На пороге встала фигура высокой женщины в шляпе.
— Розалия Семеновна!
— Вы куда?
— Я в Румынию. А вы в отпуск?
— Нет, я к новому месту службы…
— Вы покинули Лужки… отряд?
— В отряде почти никого из прежних не осталось. Вы ведь знаете?
— Ничего абсолютно!
— Значит, в мире сплетничают значительно меньше, чем мы думаем.

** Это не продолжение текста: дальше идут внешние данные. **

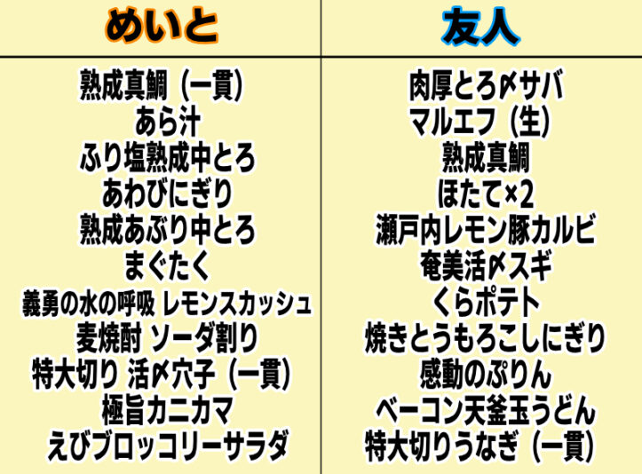 お互いに食べたメニューはこちらになりました。意外と充実している。新しいメニューも知れて満足。
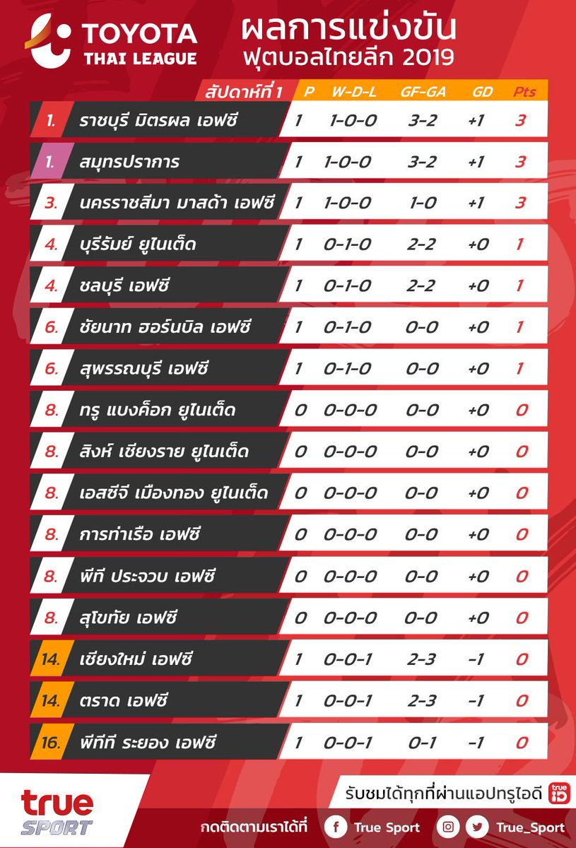 Truesports Pa Twitter อ พเดทตารางคะแนนการแข งข นฟ ตบอล โตโยต าไทยล ก น ดเป ดสนามฤด กาล 2019 ซ งม การแข งข นไปแล วท งส น 5 ค ด วยก น ท มไหนจะอย อ นด บท เท าไรไปด ก น Tl Thaileague Truevisions Truesport Trueid True4u Https T Co F7vdmgpmoj
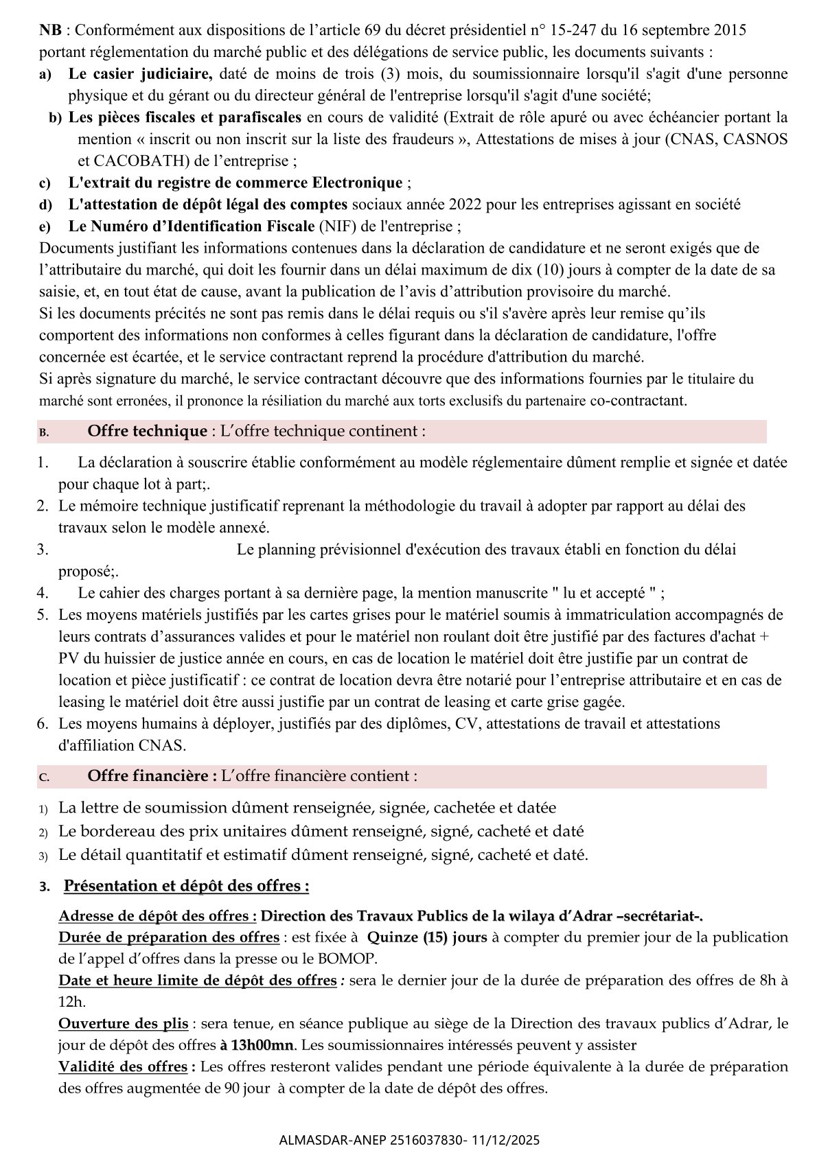 الزبون: WILAYA D’ADRAR DIRECTION DES TRAVAUX PUBLICS رقم ANEP 2516037830 تاريخ النشر: 2025-12-11 عدد الصفحات: 1/2

— Что-нибудь случилось? Я не задерживаю вас?
— Нет, у меня пересадка. Я коротаю время и понимаю ваше любопытство. Я не помню, видели ли вы у нас сестру Татьяну Николаевну Загорскую. Красивая такая, блондинка…
Андрей схватился за спинку стула.
— Что с вами?
— Она была у вас?
— Недолго, с месяц…
— Месяц в Лужках?
— Вы знаете ее?
— Но что с нею?
— Теперь я не знаю даже, как сказать вам… Она покончила с собой…
Все плоскости сошли со своих мест и зашатались. Круглая зала качнулась и готова была закружиться каруселью огней.
Сторож-инвалид резким звоном оборвал разговоры людей и щелканье чайной посуды.
— Вам второй?
— Да, мне… — прошептал Андрей.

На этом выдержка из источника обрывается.